BUSİAD Yönetim Kurulu Başkanı Günal Baylan’ın, Mart ayı enflasyon verileri ile ilgili açıklaması
BUSİAD Yönetim Kurulu Başkanı Günal Baylan, Mart ayı enflasyon verileri ile genel ekonomik konulara ilişkin görüşlerini dile getirdi.
TÜİK tarafından açıklanan verilere göre; yükselişini sürdürmesi beklenen enflasyon, Mart ayında yüzde 1.13 artış gösterdi.
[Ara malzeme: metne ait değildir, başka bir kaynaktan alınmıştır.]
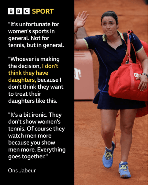 Recentemente, durante a disputa de Roland Garros, a tunisiana Ons Jabeur, antiga número 2 do mundo, criticou duramente a organização do Grand Slam francês por não colocar jogos do circuito feminino nas rodadas noturnas da Quadra Central, afirmando que esta medida é “lamentável para o esporte.” O presidente da Federação Francesa, Gilles Moretton, tentou se defender afirmando que não coloca jogos femininos nas rodadas noturnas da Quadra Central pois “é preciso colocar a melhor partida por causa do público.”

Yıllık enflasyon ise yüzde 8.39 ile 8 ayın zirvesine çıktı. Yüksek enflasyon, dış ticaret açığı ve düşük büyümenin yakın zamanda olumluya döneceğine dair güçlü bir işaret gözükmediğini belirten BUSİAD Başkanı Günal Baylan, Türkiye’nin orta gelir tuzağından, ekonomide yeni açılımlar yapamadığı sürece ne yazık ki kısa ve orta vadede kurtulamayacağını vurguladı.
YERLİ ÜRETİM DESTEKLENMELİ
Yılın ilk çeyreğinde ihracatın sadece yüzde 6,2 artarak 38.6 milyar dolara yükseldiğini belirten Baylan, “Cari açığın minimuma indirilmesi, ithalata bağımlılığın azaltılması için yerli üretim desteklenmeli ve ekonomide yapısal reformlara ilişkin kararlılığımız devam etmeli. İhracatçılarımız için istikrarlı yükselen bir kur politikası da büyük önem arz ediyor” dedi.
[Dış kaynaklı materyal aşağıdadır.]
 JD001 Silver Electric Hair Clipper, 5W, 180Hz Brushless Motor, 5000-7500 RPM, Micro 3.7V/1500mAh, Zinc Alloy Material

Suni gündemler ve yerel seçim maratonu nedeniyle ekonominin tamamen göz ardı edildiği bu dönemin artık geride kalmasını isteyen, yeni süreçte ülkenin istikrar ve büyümeye odaklanması gerektiğini ifade eden Baylan, ekonomide verimliliğinin artırılması gerektiğine de işaret etti.
İKİ SEÇİM TEDİRGİNLİĞİ YAŞANIYOR
BUSİAD Başkanı Baylan, “İç talepteki yavaşlama, uluslararası likiditenin azalmasından kaynaklanan ilave riskler, 17 Aralık sonrası büyük şaşkınlık yaratan gelişmeler Türkiye’nin ekonomideki enerjisini düşürdü. İş insanları olarak, önümüzdeki iki seçimin tedirginliğini şimdiden yaşamaya başladık. Ekonominin yine geri planda kalacak olmasından duyulan endişe, yeni yatırım planlarını öteliyor. Bütün bu süreçler; üretimin daha da yavaşlamasına ve istihdam kayıplarına yol açmaya devam edecek” diye konuştu.
Ekonomik büyüme için istikrar ve güven ortamının şart olduğunu ifade eden Baylan, sadece içeriden gelen tepkilere değil, uluslararası kredi derecelendirme kuruluşlarının ikazlarına kulak verilmesi gerektiğinin de altını çizdi.